That lady was focused. Becoming city mice, our family took an Uber back to the Airbnb. Cheaper than the Metro and without the burned oil smells of the fast train. The acceleration of the Metro was nice for me and Soren. Old drag racer and his son that drives a modified turbo Saab. Strap hangers swaying with the close walls flashing by, we enjoyed it.

All of us were there to protest abortion in a very unusual way. Each state had a tent on the national mall and there was 24 hour worship and prayer for our country and the unborn children. It was hot, it was crowded and it was wonderful. I saw the original stars and stripes at the Smithsonian and there was the actual Apollo 1 capsule among Saturn booster engines and the like. The original Spirit of St Louis was there too. It has hanging from the ceiling.

The whole mall was filled with tents, each one with a sign that said the state the worship team was from. Julie went up to the Washington monument and there was a Tepee there. She went inside and saw the drum circle.

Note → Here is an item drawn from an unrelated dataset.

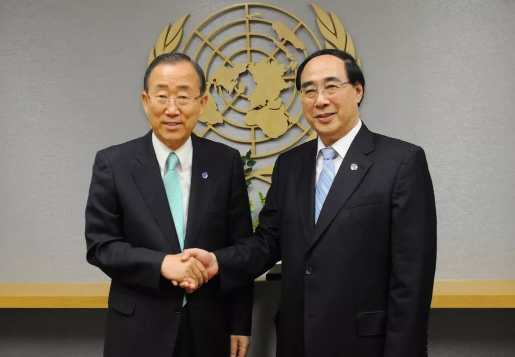 ▼ 吳紅波(右)於2012年8月就任聯合國副秘書長,與時任秘書長潘基文握手。(圖/微信公眾號/長安街知事)

An older man looked up at her and firmly said, “You are First Nation” How do you know that? was Julie’s immediate question. “It’s in your eyes” was the immediate response. True. Her great Grandmothers name was White Feather.

After a while at home, We went to visit Grandma and Grandpa about 5 hours drive to the southeast. After a scrumptious meal, I went into the living room and relaxed to the point of a bit of sleeping. A dream/vision swept over me. A young, pretty girl with dark hair ran up to me and grasped me in a strong hug with her head on my shoulder. She was about the same height as Julie. It was a very Vivid vision, The young girl was wearing a thick wool coat, it was tan and her hair was dark. I did not know what to say or think. Visions from the Lord are sometimes like that. I heard His voice: “This is your child Greta who was miscarried. She just wanted to touch you and tell you it was OK. She is with Me now”

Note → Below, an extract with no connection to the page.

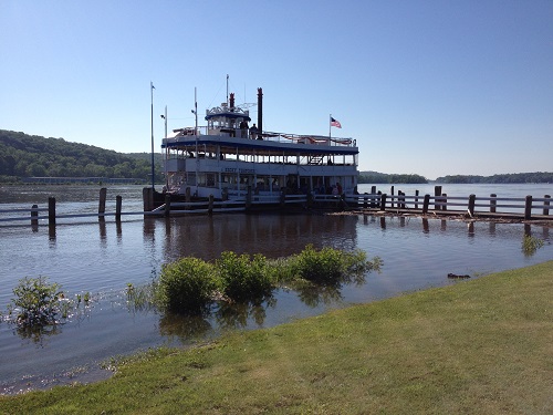 This is the lovely Becky Thatcher that we boarded for the trip back down the river. Along the way we spied the train that was crawling along to keep pace with good old BT.
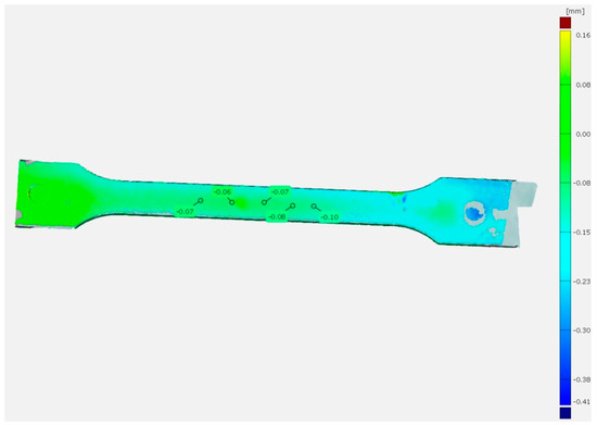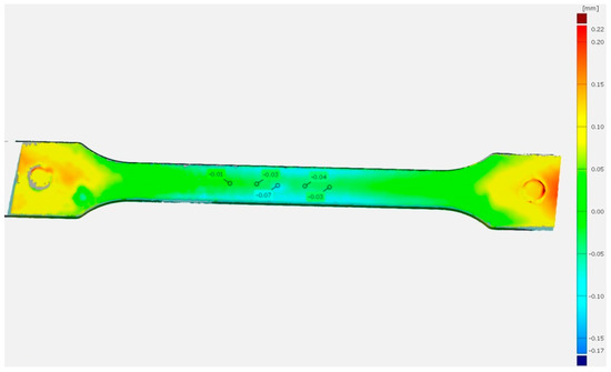The temperature value of the injection mold also influenced other dimensions of the test samples. Using a 3D optical scanner, the deviations from the reference surface were observed, particularly, the difference in the depth of sink marks on the surface of the samples (Δh). The PP80 samples after 1 h of conditioning revealed a superior depth of sink marks compared to the PP20 samples after the same conditioning time. This is confirmed by the blue areas visible on the comparison of the scanned PP80 sample dot grid with the reference model (Figure 3), which was the scanned PP20 sample grid. The mean depth of sink mark in the measuring section between the two samples was about 0.04 mm.

Startled awake, I went back into the kitchen and sat down at my place at the table and told the dream. I saw a glint of a tear in Grandpa’s eye. It was tender and reassuring really, this father of Julie did not show emotion, ever. All conversation was covered with a salesman’s chuckle and laughter, as though life was some sort of running comedy. Not this time. Serious stuff, he knew this.

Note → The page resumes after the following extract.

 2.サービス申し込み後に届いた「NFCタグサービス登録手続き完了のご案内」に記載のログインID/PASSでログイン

I love to tell this story as it means a lot to me and Julie and it plants the flag of stopping abortion clinics firmly and unmovable in our hearts. People I tell it too are moved and I like to tell them how precious is our Creator and the life He gives. There is life after death, we are ‘overbuilt’ for life as it seems. There must be more than this short life, it’s hard wired into us to wonder about, dream about and even write about. Why do some folks rail against these things? Grace is given and Faith is the gift of God.

I love to quote writing and songs in my columns. I like this one. “There’s something going on and you don’t know what it is. Do you, Mr. Jones” 1. Indeed. It’s pretty good. Jack Gator scribe

1. Bob Dylan

A Perfect Triple

A great quote from Francis Schaeffer: “ Everyone matters or no one matters” I was at the big box, getting the usual things. One thing from the far Southwest end and another two from the far Northeast end. Special stuff with all the right names and contents. It went very well, a perfect match to the pictures on my cell phone.

The store was packed with bad drivers of a certain genre. Fast moving carts darting around with determined pilots at the helm handles. Dodging and weaving. A familiar looking woman called out my name and since the seizures, her name was unavailable to my memory. She filled me in when gently told why I didn’t recall and the memories came flooding back. This has happened many times. There is a pathway that was closed to this type of recall but a detour can be available. Patience. They chatted for some time, it was very good. I and the older friend began chatting and exchanging catch-up stories near the avocados and plums. No matter which way they parked, it seemed they were in the way but it was OK. People seemed always in a very big hurry somehow. A delightful conversation and it was time to check out in the under 20 items line.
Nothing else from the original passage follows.